Exact repetition of a range: find the line containing "Внутри, примерно на" and the line containing "HomeCharcoal Scoop Neck" in the material below, then repeat both and all lines between them, leaving pictures out.

Top of RECORDED INFORMATION

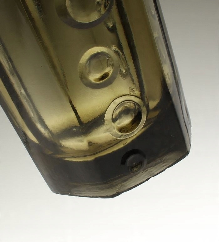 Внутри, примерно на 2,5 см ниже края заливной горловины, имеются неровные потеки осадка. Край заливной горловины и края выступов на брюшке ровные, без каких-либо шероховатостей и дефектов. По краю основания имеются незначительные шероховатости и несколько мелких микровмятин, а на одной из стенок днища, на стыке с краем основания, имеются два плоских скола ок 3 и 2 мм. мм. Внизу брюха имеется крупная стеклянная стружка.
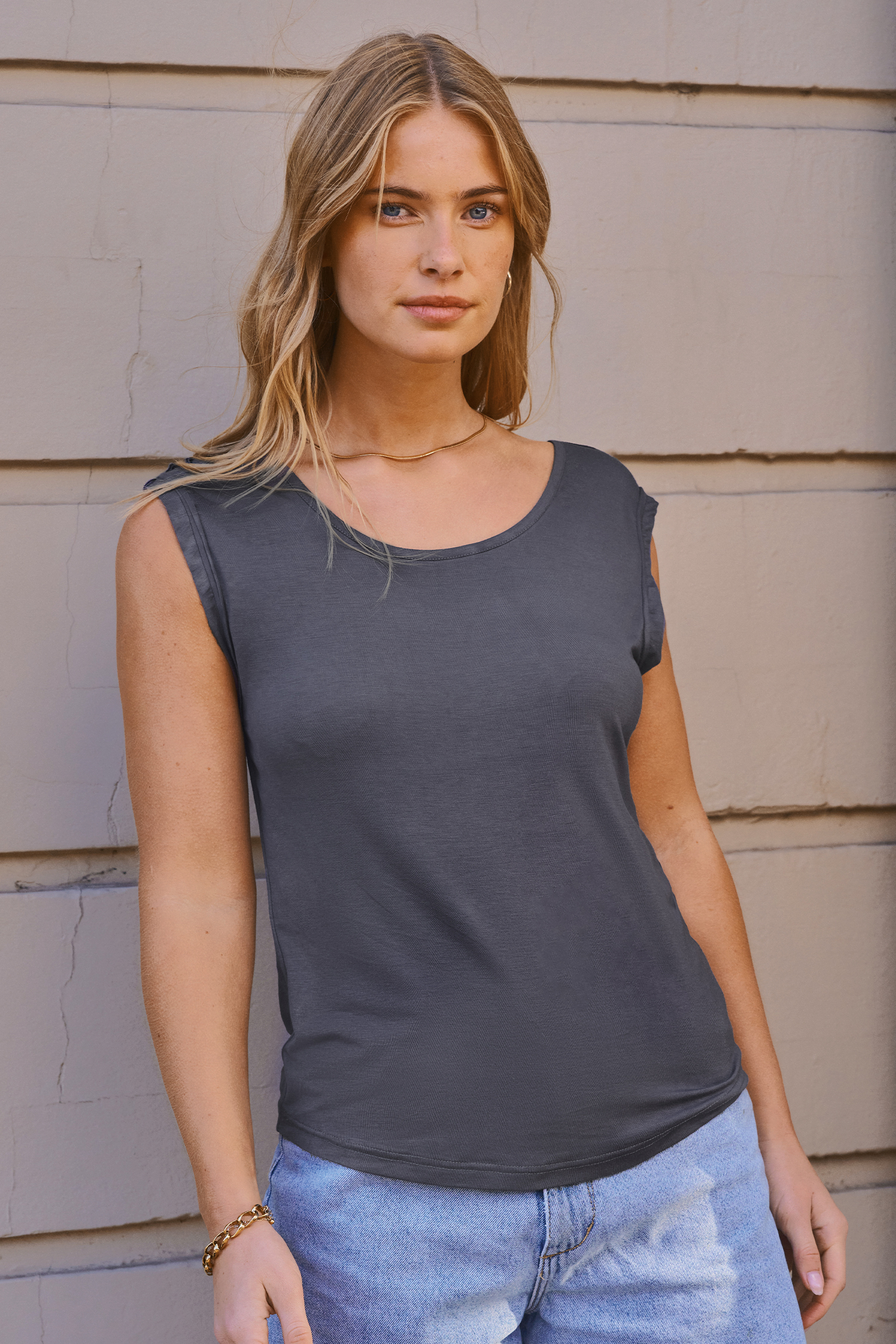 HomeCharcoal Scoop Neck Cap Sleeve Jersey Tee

Bottom of RECORDED INFORMATION
Top of RECORDED INFORMATION

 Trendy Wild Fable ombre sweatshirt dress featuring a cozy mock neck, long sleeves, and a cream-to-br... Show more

Bottom of RECORDED INFORMATION
Top of RECORDED INFORMATION

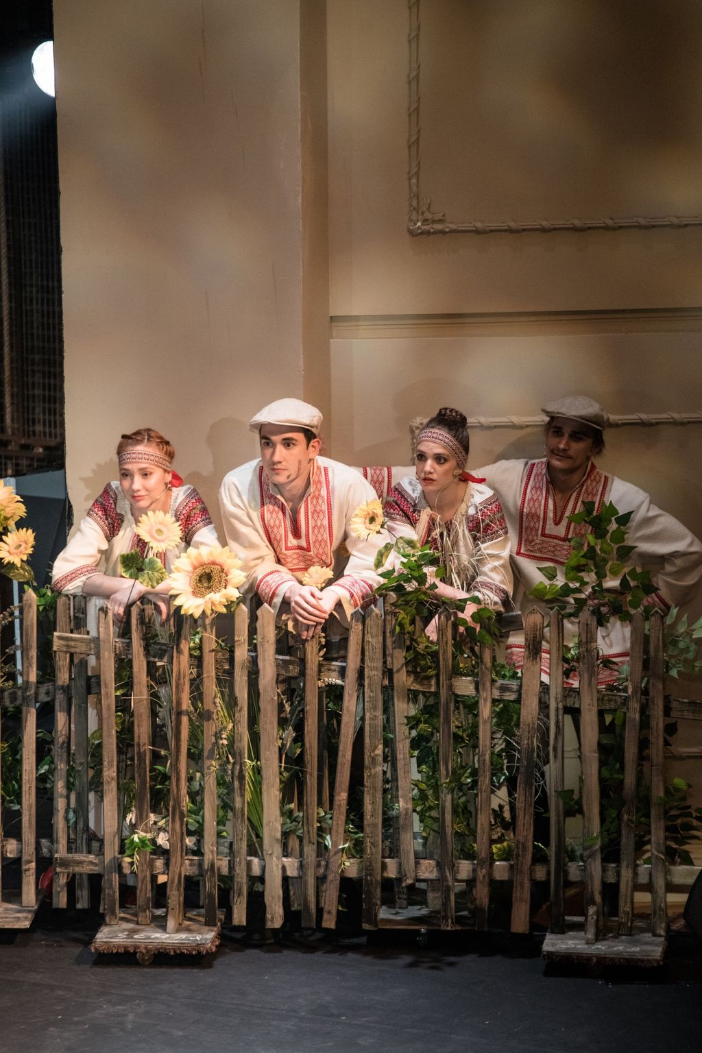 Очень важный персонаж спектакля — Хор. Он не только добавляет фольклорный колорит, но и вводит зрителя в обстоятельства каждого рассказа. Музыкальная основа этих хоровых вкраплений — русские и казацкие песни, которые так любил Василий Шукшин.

Bottom of RECORDED INFORMATION

§ RESULT OF THE EXERCISE:
 Внутри, примерно на 2,5 см ниже края заливной горловины, имеются неровные потеки осадка. Край заливной горловины и края выступов на брюшке ровные, без каких-либо шероховатостей и дефектов. По краю основания имеются незначительные шероховатости и несколько мелких микровмятин, а на одной из стенок днища, на стыке с краем основания, имеются два плоских скола ок 3 и 2 мм. мм. Внизу брюха имеется крупная стеклянная стружка.
 HomeCharcoal Scoop Neck Cap Sleeve Jersey Tee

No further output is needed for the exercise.